Iconography of the Sacred Marriage Rites from Mesopotamia on display at the Pergonnan Museum in Berlin.

The Sacred Marriage Rites were performed on the top of the ziggurats at the dawn of civilization in ancient Sumer and continued into the Holy of the Holies inner chamber of Solomon’s Temple. Hughes Payans, direct descendent of the Knights Templar Founder, has confirmed that the symbol of the hieros gamos, the six-pointed star consisting of the upper and lower triangles interlocking, was displayed at the portal of the Holy of the Holies.

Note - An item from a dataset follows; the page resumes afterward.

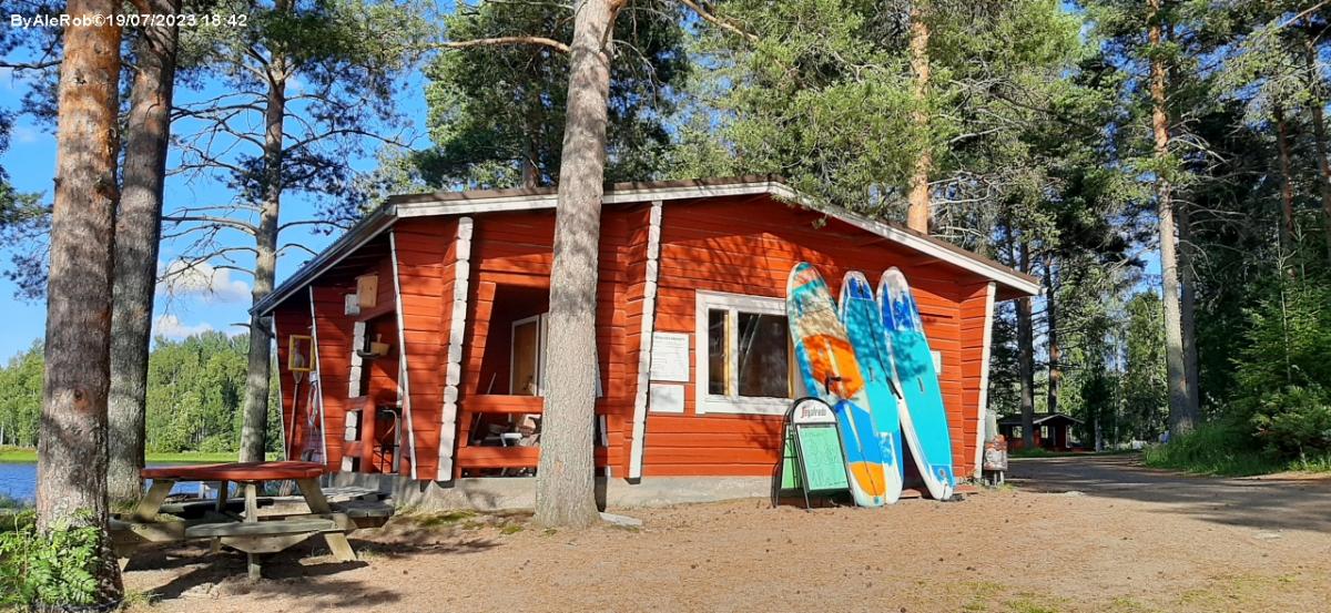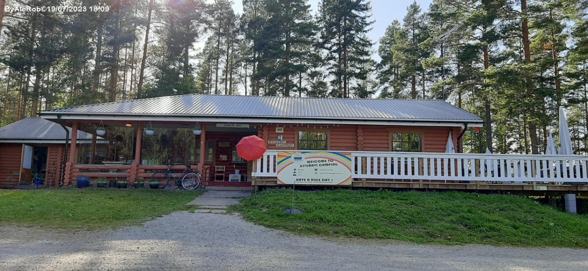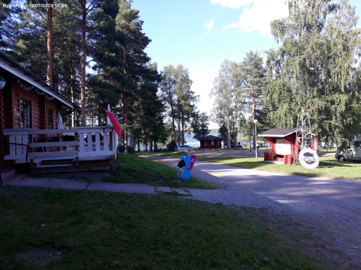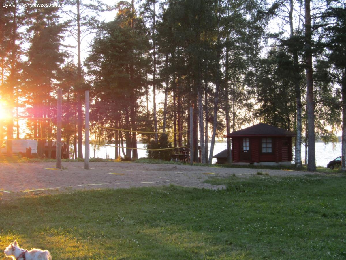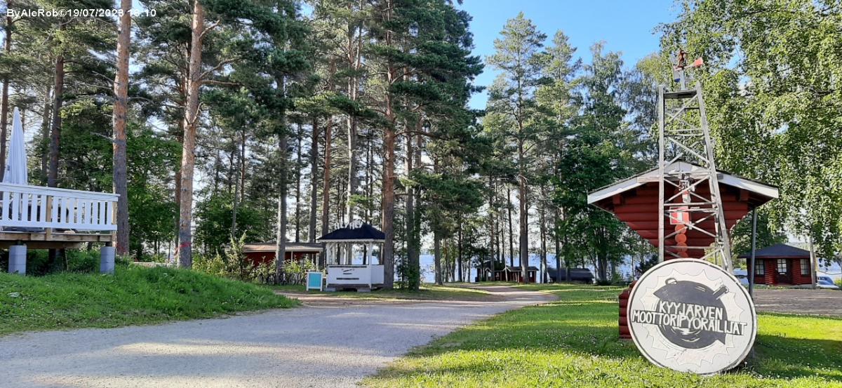 In riva al lago Kyyjarvi, campeggio dispone di piazzole su terreno erboso con servizi: allaccio elettrico, bagni, docce, saune, possibilità di pesca. Scarico cassette nei bagni degli uomini. No scarico grigie o nautico.

The icon of the hieros gamos is also the icon of the Age of Aquarius where Heaven and Earth are integrated through the human body.

The prominent Mesopotamian scholar Noah Samuel Kramer wrote a book in 1963 entitled The Sacred Marriage Rite: Aspects of Faith, Myth and Ritual in Ancient Sumer which translates the Sumerian hymns recording the rituals and mythology of this religious rite.

In order to care for the life of all the lands,
The exact first day of the month is closely examined
And on the day of the disappearance of the moon,
On the day of the sleeping of the moon,
The me are perfectly carried out
So that the New Year’s Day, the day of rites,
May be properly determined,
And a sleeping place be set up for Inanna.

The queen bathes her holy loins,
Inanna bathes for the holy loins of Dumuzi,
She washes herself with soap.
She sprinkles sweet-smelling cedar oil on the ground.

The king goes with lifted head to the holy loins,
Dumuzi goes with lifted head to the holy loins of Inanna.
He lies down beside her on the bed.
Tenderly he caresses her, murmuring words of love:
“Oh my holy jewel! O my wondrous Inanna!”

After he enters her holy vulva, causing the queen to rejoice,
After he enters her holy vulva, causing Inanna to rejoice,
Inanna holds him to her and murmurs:
“Oh Dumuzi, you are truly my love!”
The king bids the people enter the great hall.
The people bring food offerings and bowls.
They burn juniper resin, perform laving rites,
And pile up sweet-smelling incense.

The king embraces his beloved bride,
Dumuzi embraces Inanna.
Inanna, seared on the royal throne, shines like daylight.
The king, like the sun, shines radiantly by her side.
He arranges abundance, lushness, and plenty before her.
He assembles the people of Sumer.

The musicians play for the queen:
They play the loud instrument which drowns out the storm,
They play the sweet algar-instrument,
the ornament of the palace,
They play the stringed instrument which
brings joy to all the people,
They play songs for Inanna to rejoice in the heart.
The king reaches out his hand for food and drink,
Dumuzi reaches out his hand for food and drink.
The palace is festive. The king is joyous.
In the pure clean place, they celebrate Inanna in song.
She is the ornament of the assembly, the joy of Sumer!

The people spend the day in plenty.
The king stands before the assembly in great joy.
He hails Inanna with the praises of the gods and the assembly:
“Holy Priestess! Created with the heavens and earth,
Inanna, First Daughter of the Moon, Lady of the Evening!
I sing your praises!”

My Lady looks in sweet wonder from heaven.
The people of Sumer parade before the holy Inanna.
The Lady Who Ascends into the Heavens, Inanna is radiant.